Scientific classification
- Kingdom: Plantae
- Clade: Tracheophytes
- Clade: Angiosperms
- Clade: Magnoliids
- Order: Piperales
- Family: Piperaceae
- Genus: Peperomia
- Species: P. wheeleri
- Binomial name: Peperomia wheeleri Britton

= Peperomia wheeleri =

- Genus: Peperomia
- Species: wheeleri
- Authority: Britton
- Conservation status: LE

Species of flowering plant

Peperomia wheeleri is a rare species of flowering plant in the pepper family known by the common name Wheeler's peperomia. It is endemic to Puerto Rico, where it is known only from the island of Culebra. It has become rare because of deforestation and grazing by livestock. It is a federally listed endangered species of the United States.

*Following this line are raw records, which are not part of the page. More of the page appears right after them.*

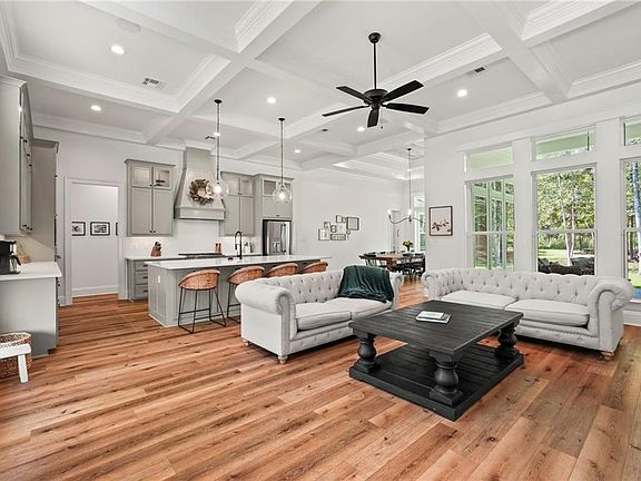 Tired of looking for just the right house & thinking you will HAVE TO build? Well, now you won’t have to! This custom-built beauty is located on 1.13 acres. The perfect amount of trees to give you the “away-from-it-all” feeling without blocking lovely views everywhere you look. Wonderful floorplan is open AND split in more than 1 way; the primary is separate from the other 3 bdrms & the office, while bdrm #4 is tucked away as well, right next to FULL BATH #3; offering privacy for your guests, in-laws, or that teen wanting their own space. Every custom detail was lovingly picked out by the owners & there are WAY too many amenities to list here; you truly must see it in person to appreciate it! 4 bedrooms/3 full baths, plus office, plus massive dining area. Closets & storage galore. Walk-in closets, walk-in pantry, built-in cabinets/shelving in closets, great-room, & garage. Primary bath offers double-vanities; in addition to a linen closet, soaking tub & a luxurious walk-thru shower for two! 14’ coffered ceilings in great-room & kitchen; 12’ double-step up ceiling in open dining area (enough space to seat more than a dozen guests/family members).
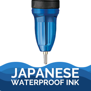 The blue Japanese waterproof ink in this gel pen is completely unaffected by water; no fading, blurring, or discolouration.
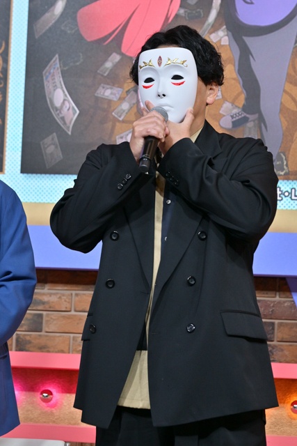 イベントがスタートすると、キャスト陣が大きな拍手に迎えられてステージへ。レロニラ役の中谷さんは、キャラクターと同じ仮面をつけて登場し、いきなり観客の視線を釘付けにします。
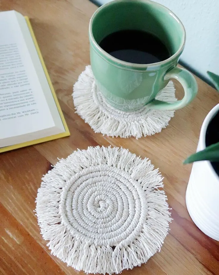 Here’s another macramé coaster design you can whip up in a day! They’re so adorable and add a cute bohemian flair to your home decor, too! They’re practical and functional and help keep your table surface clean from any rings or beverage residue from your mugs.
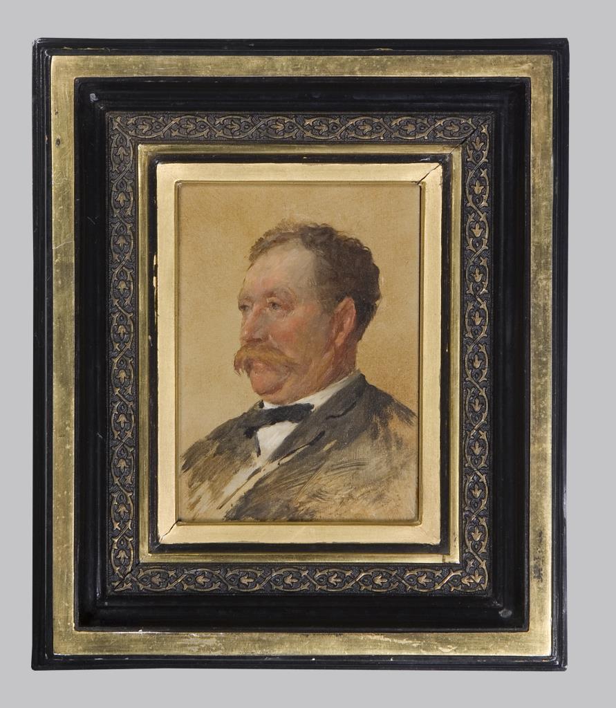 Rückseitig kyrillisch bezeichnet, alter nummerierter Klebezettel, Stempel, handschriftliche Sammlungsnummer. Breiter Profilrahmen, schwarz-gold gefasst. Rahmen partiell leicht defekt.
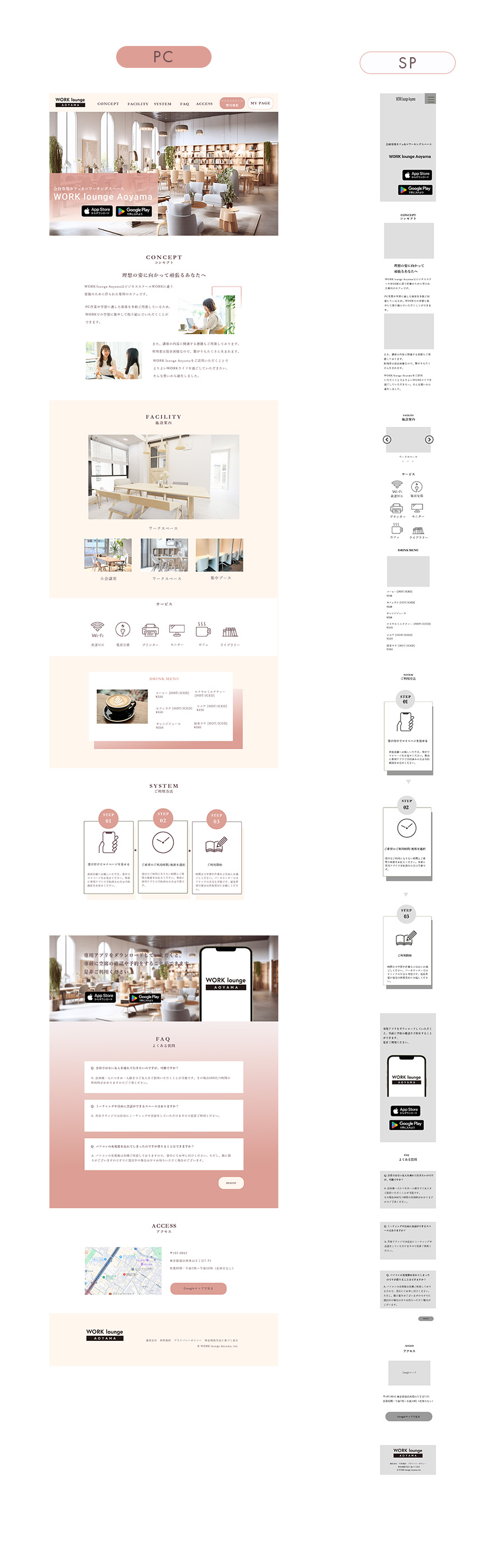 SHElikes MULTI CREATOR PROJECTにて、LP制作(架空コワーキングスペース)の課題に取組みました。※課題の指定によりPCのデザインカンプ、SPはワイヤーフレームのみ制作 制作期間:2週間 制作ツール:Photoshop
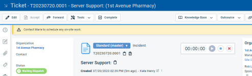 This alert appears at the top of the ticket when adding a new ticket for this organization. |

This plant grows on the rocky island Culebra, anchoring in the humus that accumulates on the weathered granodiorite boulders covering its surface. The forest habitat hosts other plants including: Clusia rosea, Bursera simaruba, Ficus citrifolia, Tillandsia spp., Anthurium acaule, Whittmackia lingulata, and Epidendrum cochleatum. It can be found on the highest-elevation slopes of the island, located within Culebra National Wildlife Refuge.

The plant is an evergreen herb growing up to a meter tall with oppositely arranged leaves with fleshy blades up to 7 centimeters long by 5 wide. The inflorescence is up to 16 centimeters long but only a few millimeters wide and is covered in minute, nearly invisible flowers.

This plant is threatened by damage and destruction to the humus layer in which it grows. The scratching of domestic fowl can disturb it, and the removal of the forest canopy eliminates the source of the debris that forms the humus.